La comunidad, por último, no es el conjunto de gente que vive en un barrio, en un territorio, en el sentido de una zona geográfica, jurídica o política; si queremos hablar de territorio en todo caso se trata de un territorio común de asuntos y problemas que nos atraviesan a todos los que somos parte de esa comunidad, seamos cercanos o lejanos en sentido geográfico.

La SALUD COMUNITARIA es, por todo esto, sinónimo de poder y organización popular, de empoderamiento de todos y cada uno, sin esperar que nada ni nadie nos venga a salvar.

Muchas Gracias.    

 



[1]
Héctor Fenoglio, psicoanalista, Director del Centro de Salud, Arte y Pensamiento LA PUE,RTA, de Buenos Aires; es uno de los principales referentes del ENCUENTRO NACIONAL DE PRÁCTICAS COMUNITARIAS EN SALUD (ENPCS).

[2]Este proceso no se ha desarrollado sin contradicciones entre las empresas de seguro médico, que quieren gastar lo menos posible, y los laboratorios medicinales, que quieren vender lo máximo posible. 

[3]Ley Nacional da Salud Mental  Nº26.657 se centra y limita al resguardo de los DDHH en las internaciones psiquiátricas; ignora, de esta manera, tanto el problema de la medicalización como los otros problemas sanitarios que, comparados con las internaciones, son de una escala muchísimas veces mayor, tanto en frecuencia como en porcentaje de incidencia en la población. Por ello es que, aunque es un avance, lo consideramos muy limitado; por otro lado, no la consideremos una real ley de salud mental sino, más bien, de resguardo de derechos civiles.
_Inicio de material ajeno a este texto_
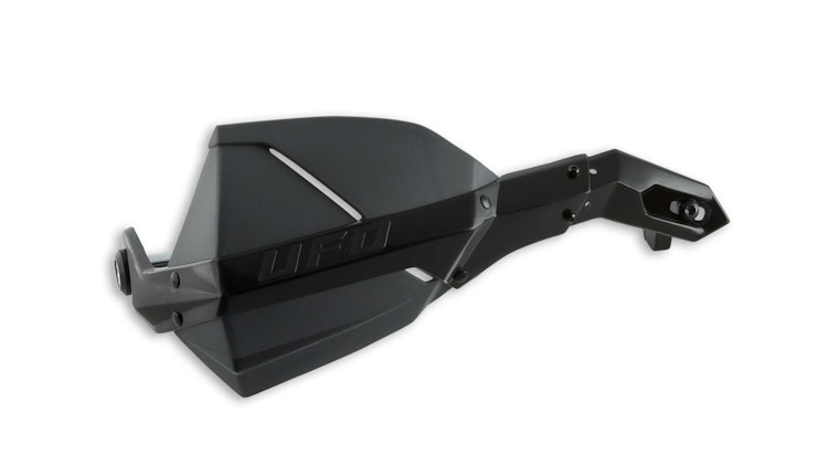 Der UFO Plast Handprotektor "Caiman" ist Ihr zuverlässiger Begleiter für sicheres Fahren auf allen Geländen. Dieser universelle Handprotektor wurde speziell für Enduro-, Motocross- und Off-Road-Einsätze entwickelt und bietet optimalen Schutz für Ihre Hände bei Stürzen und Kontakt mit Hindernissen. Das hochwertige Polypropylen-Material (PP) garantiert eine hervorragende Haltbarkeit und Strapazierfähigkeit, auch unter extremen Bedingungen. Die robuste Konstruktion schützt vor Schmutz, Schlamm und Wasser, während die ergonomische Form eine natürliche Griffposition ermöglicht. Die Montageteile sind bereits im Lieferumfang enthalten, sodass eine schnelle und unkomplizierte Installation an Ihrer Maschine möglich ist. Der Handprotektor in elegantem Graphit-Grau passt sich harmonisch an die meisten Motorradmodelle an. Dank der universellen Kompatibilität können Sie diesen Handschutz an verschiedenen Motorrädern nutzen. UFO Plast steht für italienische Qualitätsarbeit und langjährige Erfahrung im Bereich Motorrad-Zubehör. Investieren Sie in Ihre Sicherheit mit diesem bewährten Handprotektor.
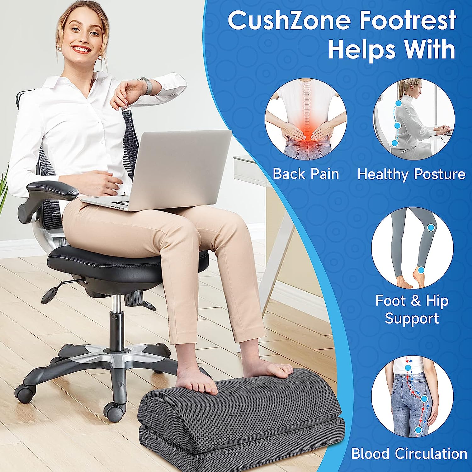 CushZone Foot Rest for Under Desk at Work Adjustable Foam for Office, Work, Gaming, Computer, Gift, Home Office Accessories Back & Hip Pain Relief (Grey)

Al respecto, consultar mi artículo “Avances y límites de la Ley Nacional de Salud Mental” en www.centrolapuerta.com.ar

[4]La Ley Nacional de Salud Mental Nº 26.657 es un ejemplo de esto en relación al abordaje comunitario.

[5]Esta limitación del paradigma de “la  política de DDHH” en salud mental, consistente en la mera exigencia de que el Estado debe garantizar la salud en abstracto sin especificar el sentido concreto de la misma, no solo se extiende a todos los otros ámbitos de la salud sino, también, a todos los demás ámbitos de exigencia de cumplimiento de DDHH por el Estado: el trabajo, la educación, la vivienda, urbanismo, etc.

[6]Se me ha cuestionado el uso de la palabra “enfermo” por ser propio del MMH. La etimología de “enfermo” es “in-firme”, no firme. Ese es el sentido que le doy.